Embora não fosse favorável a intervenção direta no Apipé, Balsadúa fez uma ousada sugestão de uma construção de um canal que pudesse criar um desvio para que assim fosse evitada a passagem das embarcações pelo salto:

La apertura del Canal entre Trinchera San Miguel, lago Ú-bera y el Pueblo de Ituizaingó producirá estos tres benefícios:

1º Reducir é la cuarta parte, á veinte kilómetros, la distancia de ochenta kilómetros que recorren hoy los barcos contorneando el Rincón de Santa María.

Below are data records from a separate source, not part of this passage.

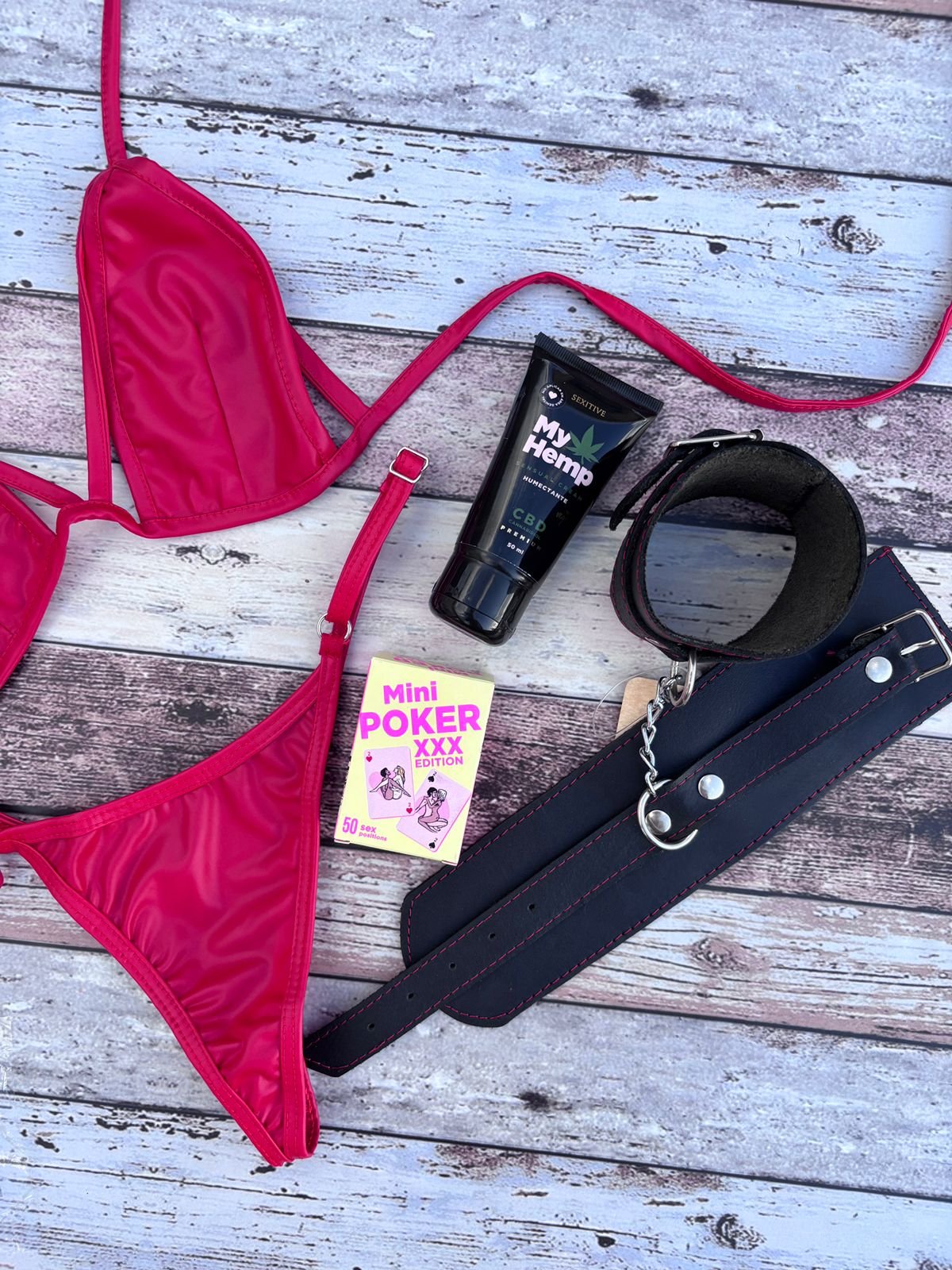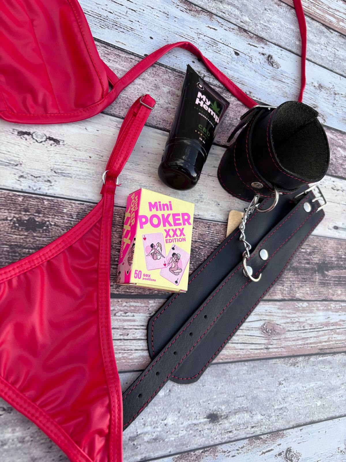 Explora el placer sin limites con este Conjunto vinilo rojo
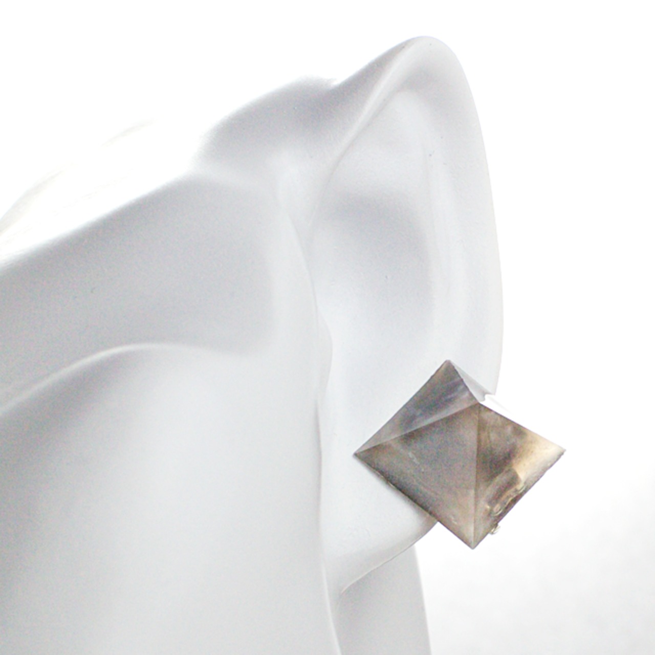 シルバーとゴールド、パープルのカラーなどをクリスタルレジンで閉じ込めたピラミッドイヤリングです。
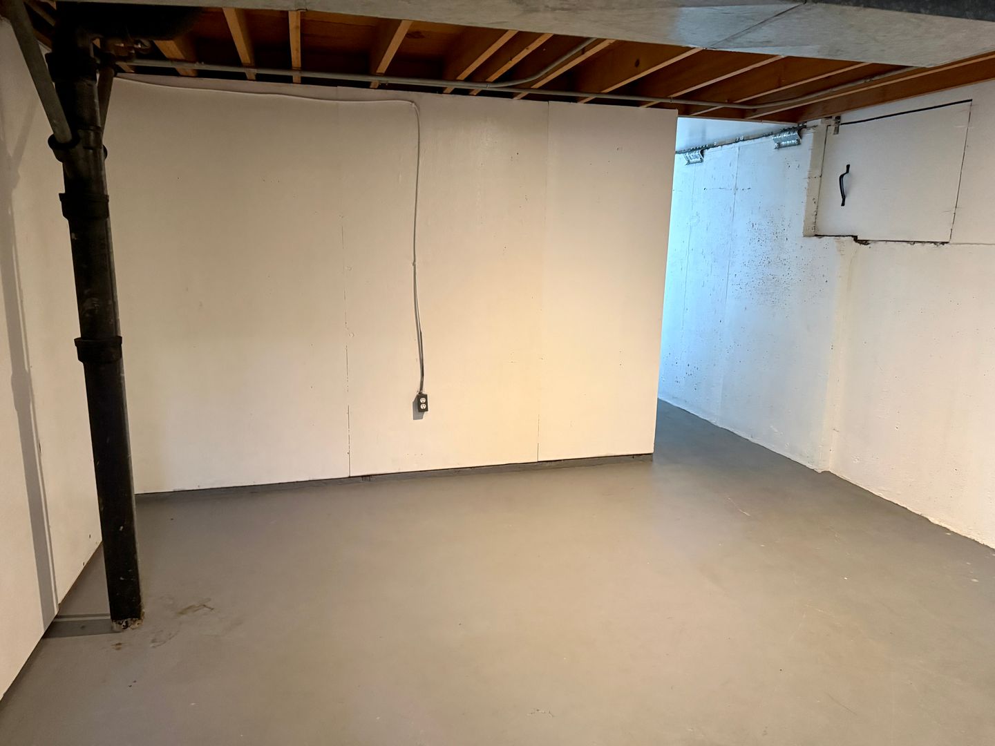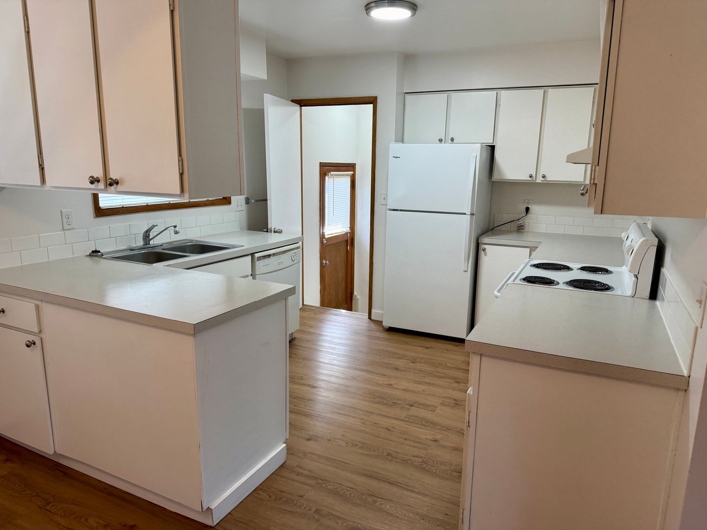 This 3 bedroom 1 bathroom unit in a mid-century mod triplex lives like a home, with laminate flooring, a fireplace, and a cool sky light in the living room. Down the hall to the right are the two main bedrooms' each 10x12. In addition the bathroom and two extra closets are here. Opposite of the living area is the dining room and kitchen you will find white cabinets and lots of counter space. Off the kitchen is an access to the semi-private alley (not big enough to be a yard, but big enough for some of your plants to call home. Back inside, and down the stairs is the third bedroom, open basement area, and the laundry area with addition storage too. Head forwards from there and down a long hallway from the laundry room you will find your extra deep one car garage.

2º Evitar los peligros que ofrece el paso de los Rápidos del Carayá y del Apipé, especialmente en las épocas de bajante, en cuyo paraje la violencia de la corriente es tan grande que la rotura de la cadena del timón, la detención de la máquina, ó una mala guiñada, estrellarían el vapor contra las rocas de la islã de los Pájaros. 342

A domesticação do Apipé era de fundamental importância para o exercício do processo civilizatório em Misiones. Para os viajantes, a intervenção humana no salto se daria de duas formas: pela via da intervenção direta, eliminando as restingas que atrapalhavam a navegação do Paraná, ou pelo emprego de vapores mais potentes que pudessem transpassar o obstáculo sem maiores problemas. A questão central residia na problemática da dominação do salto. Nesse sentido, a valorização da natureza misionera como um componente civilizador era válida apenas através da intervenção humana. De acordo com uma perspectiva utilitarista, a natureza era vista como civilizadora na medida em que pudesse facilitar a incursão da civilização e pudesse prover o homem de riquezas.